The costs of appeal are assessed against the Plaintiff.
Reasons
The grounds of appeal are examined.
Since occupational accidents under Article 5 subparagraph 1 of the Industrial Accident Compensation Insurance Act refer to the injury, disease, physical disability, or death caused by the worker's occupational accident while performing his/her duties, there is a causal relationship between the occupational accident and the disaster. If there is a causal relationship between the occupational accident and the occupational accident in the course of treating the occupational accident, if there is a new causal relationship between the occupational accident and the occupational accident caused by the side effects of medicine or treatment method.
Here, the causal relationship does not necessarily have to be clearly proved by medical or natural science, and even if there is a proximate causal relationship in consideration of all the circumstances, there is proof, but the burden of proof is still in the position of assertion.

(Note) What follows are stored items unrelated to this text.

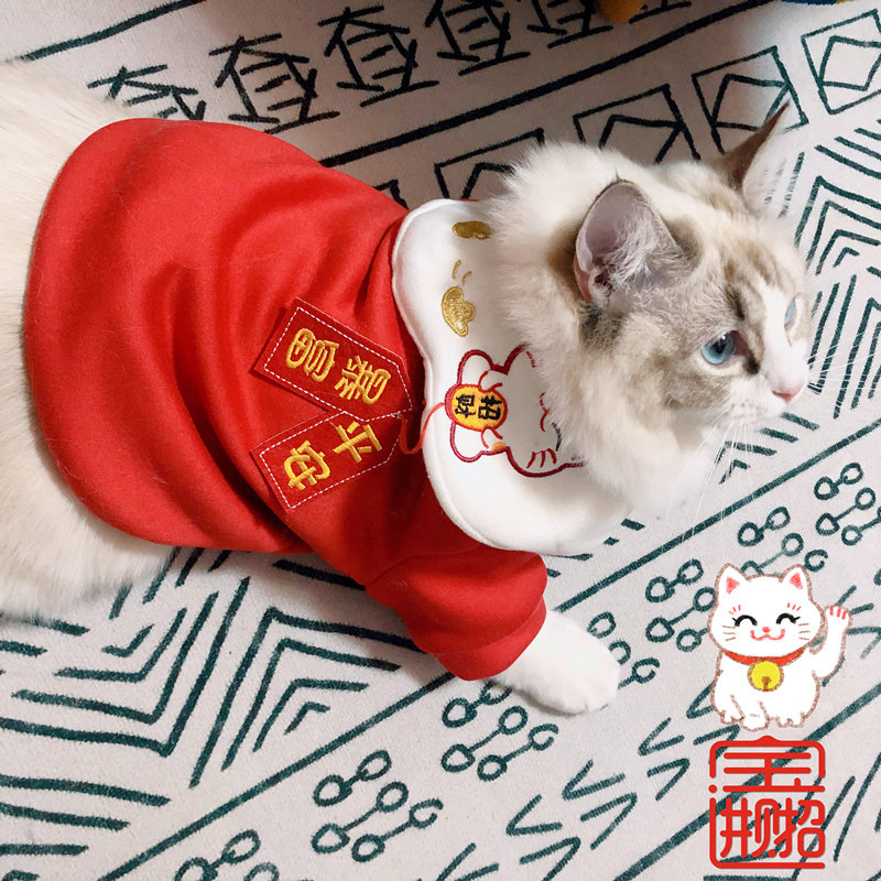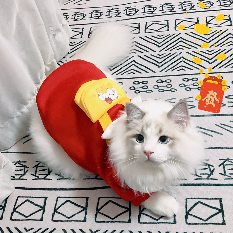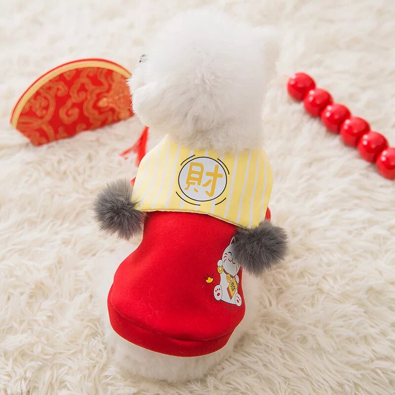 Cute cat and dog New Year Spring Festival clothes pet festive two-legged clothes autumn and winter warm Teddy small dog cat universal
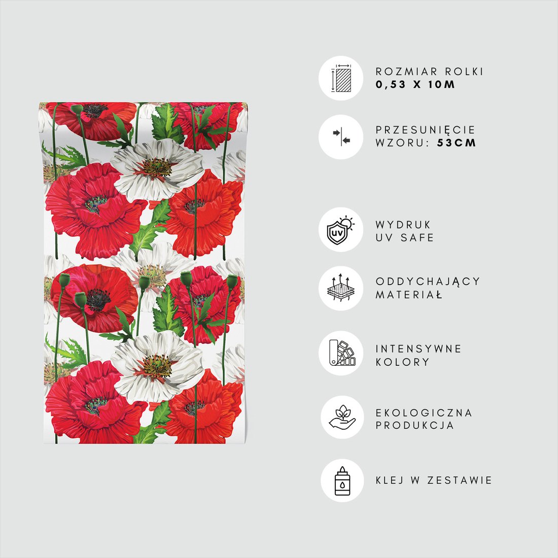 Odkryj piękno i funkcjonalność tapety z motywem maki, liście, pąki. To połączenie wyjątkowego wzornictwa z łatwością aplikacji, doskonałe do każdego pomieszczenia.
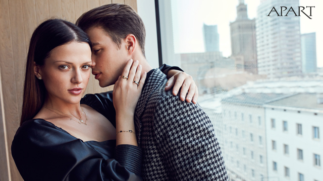 Něžný příběh lásky pro valentýnskou kampaň Apart ztvárnili hvězdy poslední řady Top Model Kinga Wawrzyniak a Stanisław Obolewicz. Autorem krásných fotografií je Marcin Tyszka, který zachytil mladý pár v městském prostředí Varšavy a také ve stylových interiérech. Snímky jsou plné přirozenosti, spontánní atmosféry i zamilovaných gest. Tento příběh o citech byl vytvořen, aby inspiroval zamilované k vlastnímu příběhu o lásce, kterou lze vyznat i beze slov, a to v jedinečné formě šperků Apart.
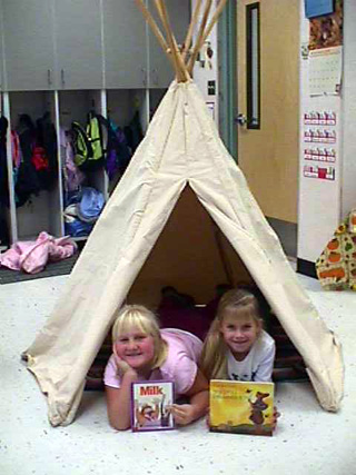the line and sitting at the table are Mrs. Schumacher's first graders.

[See Supreme Court Decision 2006Du10580, 2006Du10597, Oct. 26, 2006, etc.] Examining these legal principles and records, the lower court’s conclusion that the death of the deceased cannot be deemed as having a proximate causal relation with brain color, which is an occupational disease, is acceptable. In so doing, contrary to what is alleged in the grounds of appeal, the lower court did not err by exceeding the bounds of the principle of free evaluation of evidence against logical and empirical rules, or by misapprehending the legal principles on proximate causal relation with an occupational accident, thereby adversely affecting the conclusion
Therefore, the appeal is dismissed, and the costs of appeal are assessed against the losing party. It is so decided as per Disposition by the assent of all participating Justices.